# kernel rebuild "WARNING: Your system is probably unbootable"

## pjp

So, I rebuilt my kernel yesterday (with 'make oldconfig' for the 1st time). I've never seen this before, and I didn't find any answers here on the forums (or Google).  So my question is, why would the system suddenly be unbootable?  Is this just because I leave /boot unmounted until I need it?  Interesting that it doesn't check for Grub.

I'm not in the mood to reboot (and find out it doesn't work), so I'm hoping this is a common issue.

```
sh /usr/src/linux-2.6.24-gentoo-r8/arch/x86/boot/install.sh 2.6.24-gentoo-r8 arch/x86/boot/bzImage System.map "/boot"

In order to use the new kernel image you have just installed, you

will need to reboot the machine.  First, however, you will need to

either make a bootable floppy diskette, re-run LILO, or have GRUB

installed.

Checking for ELILO...No

Checking for LILO...No

Checking for SILO...No

Checking for PALO...No

Should I make a bootdisk? (y/N)

WARNING: Your system is probably unbootable now.  After correcting any

problems, rerun this script with the command `mkboot -i'.

make[1]: *** [install] Error 1

make: *** [install] Error 2
```

----------

## Jeffrey0

You typed "make install" instead of "make modules_install". "make install" can't be used together with GRUB, you have to copy the bzImage over manually.

----------

## MostAwesomeDude

You need to have /boot mounted.

As a fun consequence, now your /boot mount point is filled with kernel files.

----------

## skellr

It only checks for update-grub and grub-install. it's "unbootable" if it can't find them (both?). Not sure why it wont  print out the check for grub though.  If you manage your bootloader with another install/distro then it's fine to ignore. It's a post install check so make install really does 'install' the the kernel to /boot even with the error.

The question is why are you only seeing this now? Maybe a typo? "make modules_install" Vs "make modules install"  If you don't normally run the install target and just copy the image to boot manualy then it would be a good idea to check /lib/modules before a reboot. I don't think install alone will install the modules.

----------

## 96140

--Last edited by 96140 on Wed Sep 11, 2013 9:17 am; edited 1 time in total

----------

## pjp

 *Jeffrey0 wrote:*   

> You typed "make install" instead of "make modules_install". "make install" can't be used together with GRUB, you have to copy the bzImage over manually.
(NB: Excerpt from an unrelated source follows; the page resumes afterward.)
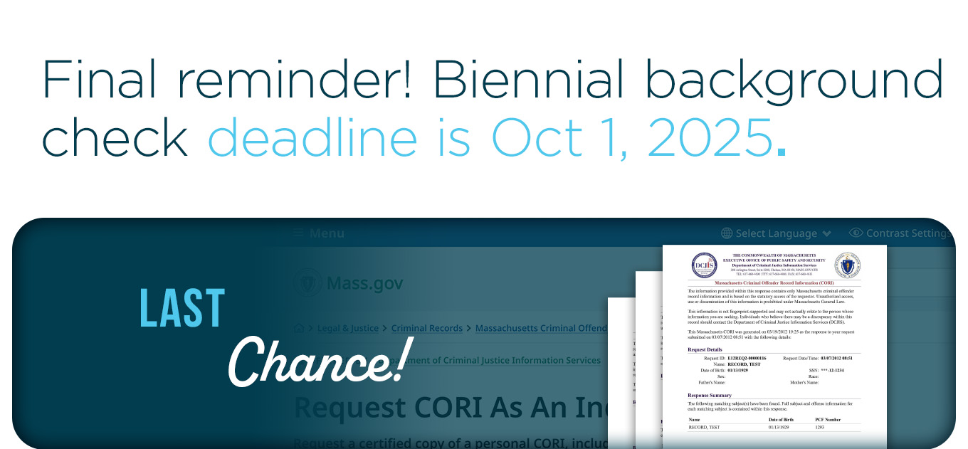For your continued access and compliance with Massachusetts RMV EVR policies, you are required to submit updated User Documents at least every two years to your Service Provider (that's us). If you have not already done so, please submit your documents to RTSForms@vitu.com. The deadline to submit documents is October 1, 2025. Users who have not submitted updated documents will be deactivated. For more information on obtaining a background check, click the link below.

   Thanks... looks like I did "make && make modules install" instead of "modules_install".  Not sure why I did the "make &&" part.

I thought I made notes the last time I built a kernel, but didn't see them around.  That's done, so hopefully I'll see them next time.

----------

## pjp

Jeffrey0 appears to have been correct.  The first kernel booted, but networking wasn't working.  Networking was fixed after adding "new" support for the network card (despite that the old had worked just fine in the previous driver).

Thanks again.

----------

## mackerel

from the documentation that I have read, make oldconfig should only be used when upgrading a revision, but not a version ie a -r1.  I have found also that network drivers (and many other settings) have been removed when using make oldconfig.

----------

## pjp

I think I read a Gentoo doc that suggested a minor change was ok... 2.6.20 to 2.6.21, but yes, it implied that it would be bad otherwise.

The weird thing about the network issue is that my old driver was selected, it just wasn't recognized.

----------

## 96140

--Last edited by 96140 on Wed Sep 11, 2013 9:17 am; edited 1 time in total

----------

## pjp

 *nightmorph wrote:*   

> You got it backwards. If you use make oldconfig, it's for revisions, ie. -r1 to -r2. It's not a good idea to try it on point releases, i.e. .25 to .26.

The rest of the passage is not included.